映画『キリエのうた』完成報告イベントが11日、東京都内で行われ、出演者のアイナ・ジ・エンド、松村北斗(SixTONES)、黒木華、広瀬すず、江口洋介、吉瀬美智子、奥菜恵、浅田美代子、北村有起哉、大塚愛、粗品と岩井俊二監督が登壇した。
本作は、歌うことでしか声を出せない住所不定の路上シンガー・キリエを中心に、別れと出会いを繰り返す4人の人生が交差する13年を描く物語。主人公・キリエを“楽器を持たないパンクバンド”BiSHとして活躍してきた異色のアーティスト、アイナが演じた。
6月29日のワンマンライブをもってBiSHを解散したばかりのアイナ。この日、観客の盛大な拍手に迎えられると「今日を迎えることができてすごく、すごくうれしいです」と緊張気味にあいさつした。
アイナはこれが映画初主演。「音楽大好きで、ロックンロール一辺倒みたいな人だった私を岩井さんが見つけて、拾ってくださった。
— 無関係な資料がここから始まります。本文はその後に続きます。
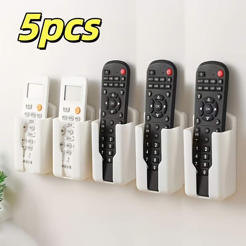 TEMU 내구성 있는 플라스틱 벽걸이형 리모컨 홀더 5개 - 벽걸이형 TV 및 에어컨 리모컨 정리함, 탁상용 서랍 수납 솔루션, 공간 절약형 수납 상자, 에어컨, TV, 선풍기 리모컨용, 가정용 정리, 책상 액세서리

本当に夢みたいだなと思ったけど、これを夢で終わらせちゃいけない。広瀬すずちゃんと松村北斗さんに、お芝居をリードしてもらって、なんとかやり遂げられたと思っています」と感謝を述べた。
岩井組初参加となった松村も「初めて映画は面白いものかもしれないと気付いたのが岩井さんの『リップヴァンウィンクルの花嫁』でした」と憧れの存在だったことを明かし、「日々の現場はとても刺激的で、僕の人生にとって、とんでもない思い出の一つとなりました」と喜びを語った。
同じく初参加した吉瀬は「最初は『なんで私に…?』とすごくドキドキしたけど、松村くんの母親役と聞いて、顔がやっぱり似ているのかなと。実はファンの方が親子役でやってほしいとリクエストしている書き込みを見たことがあって」とエピソードを語った。
岩井監督は「それも一因です。親子役のキャスティングではやはりDNAのつながりを意識するので」とこれを認め、さらにもう一組の親子を演じた奥菜、広瀬ペアについても同様の理由があったことを紹介。奥菜は「うれしい。私も1回だけ『広瀬すずちゃんに似てるね』と言われたことがあって」と笑顔で明かした。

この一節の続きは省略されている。